The Patient Safety and Quality Improvement Act of 2005 (PSQIA): , 42 U.S.C. ch. 6A subch. VII part C, established a system of patient safety organizations and a national patient safety database. To encourage reporting and broad discussion of adverse events, near misses, and dangerous conditions, it also established privilege and confidentiality protections for Patient Safety Work Product (as defined in the act). The PSQIA was introduced by Sen. Jim Jeffords [I-VT]. It passed in the Senate July 21, 2005 by unanimous consent, and passed the House of Representatives on July 27, 2005, with 428 Ayes, 3 Nays, and 2 Present/Not Voting.

Context for the passage of the Act 

The Notice of proposed rulemaking for this law describes the reason Congress passed it.

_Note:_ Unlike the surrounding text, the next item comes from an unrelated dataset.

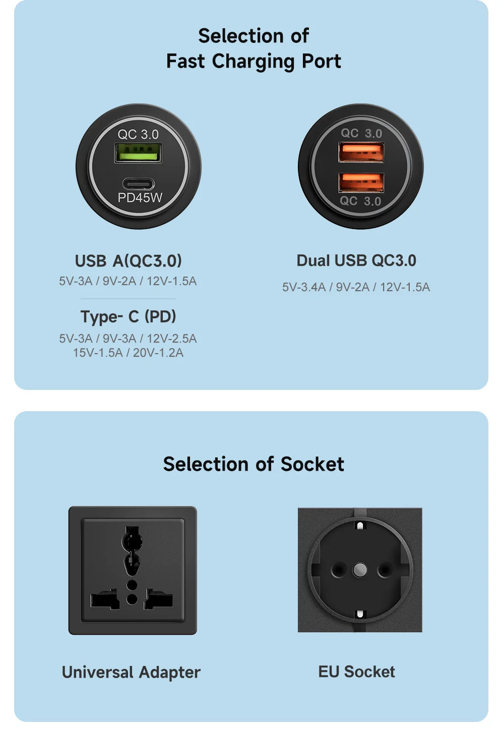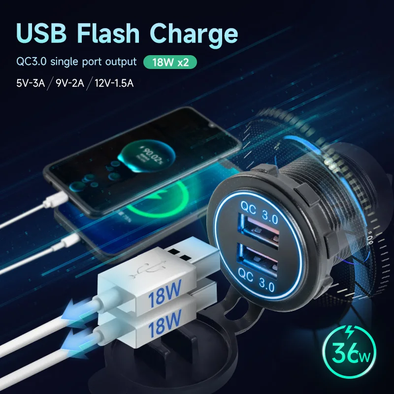 Dual QC3.0 quick charging port,The fastest speed of single port canreach 3.4A.Can provide full speed charging for both devices at thesame time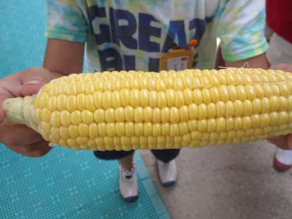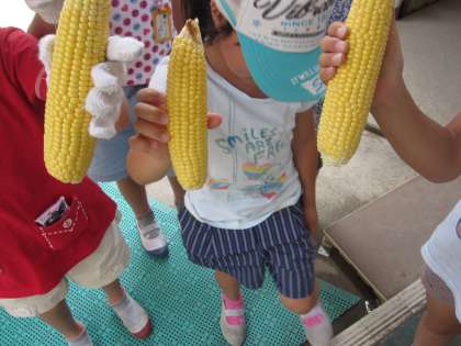 穫れたトウモロコシはつやつやで,とても大きかったです。

Summary of the act's major sections

Definitions 

Patient Safety Organization (PSO) must certify that it supports the requirements in the PSQIA and be listed on the Agency for Healthcare Research and Quality (AHRQ) web site.

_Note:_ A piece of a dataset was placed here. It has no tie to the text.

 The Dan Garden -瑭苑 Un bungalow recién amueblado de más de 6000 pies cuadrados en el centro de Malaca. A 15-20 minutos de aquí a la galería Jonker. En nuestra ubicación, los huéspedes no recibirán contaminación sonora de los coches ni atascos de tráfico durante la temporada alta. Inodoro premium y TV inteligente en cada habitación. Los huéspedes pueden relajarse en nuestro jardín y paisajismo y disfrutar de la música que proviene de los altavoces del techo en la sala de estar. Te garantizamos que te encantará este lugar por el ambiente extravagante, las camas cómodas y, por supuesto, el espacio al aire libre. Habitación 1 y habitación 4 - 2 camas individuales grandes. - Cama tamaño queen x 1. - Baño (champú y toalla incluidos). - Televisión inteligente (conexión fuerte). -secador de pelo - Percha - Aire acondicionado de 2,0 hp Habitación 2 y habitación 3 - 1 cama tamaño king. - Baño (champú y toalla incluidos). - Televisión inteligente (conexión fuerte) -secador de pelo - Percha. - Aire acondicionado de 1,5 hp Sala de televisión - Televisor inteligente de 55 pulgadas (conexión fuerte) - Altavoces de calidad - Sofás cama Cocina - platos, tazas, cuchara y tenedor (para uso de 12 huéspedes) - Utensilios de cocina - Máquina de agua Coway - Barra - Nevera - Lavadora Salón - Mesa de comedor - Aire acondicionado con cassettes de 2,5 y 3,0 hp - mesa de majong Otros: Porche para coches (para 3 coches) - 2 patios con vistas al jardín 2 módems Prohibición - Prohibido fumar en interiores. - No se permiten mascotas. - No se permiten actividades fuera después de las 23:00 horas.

The definition of Patient Safety Work Product (PSWP) is quite broad. Patient safety work product includes any data, reports, records, memoranda, analyses (such as root cause analyses), or written or oral statements (or copies of any of this material), which are assembled or developed by a provider for reporting to a PSO and are reported to a PSO; or are developed by a patient safety organization for the conduct of patient safety activities; and which could result in improved patient safety, health care quality, or health care outcomes; or which identify or constitute the deliberations or analysis, or identify the fact of reporting pursuant to a patient safety evaluation system (42 USC 299b-21(7)(A)).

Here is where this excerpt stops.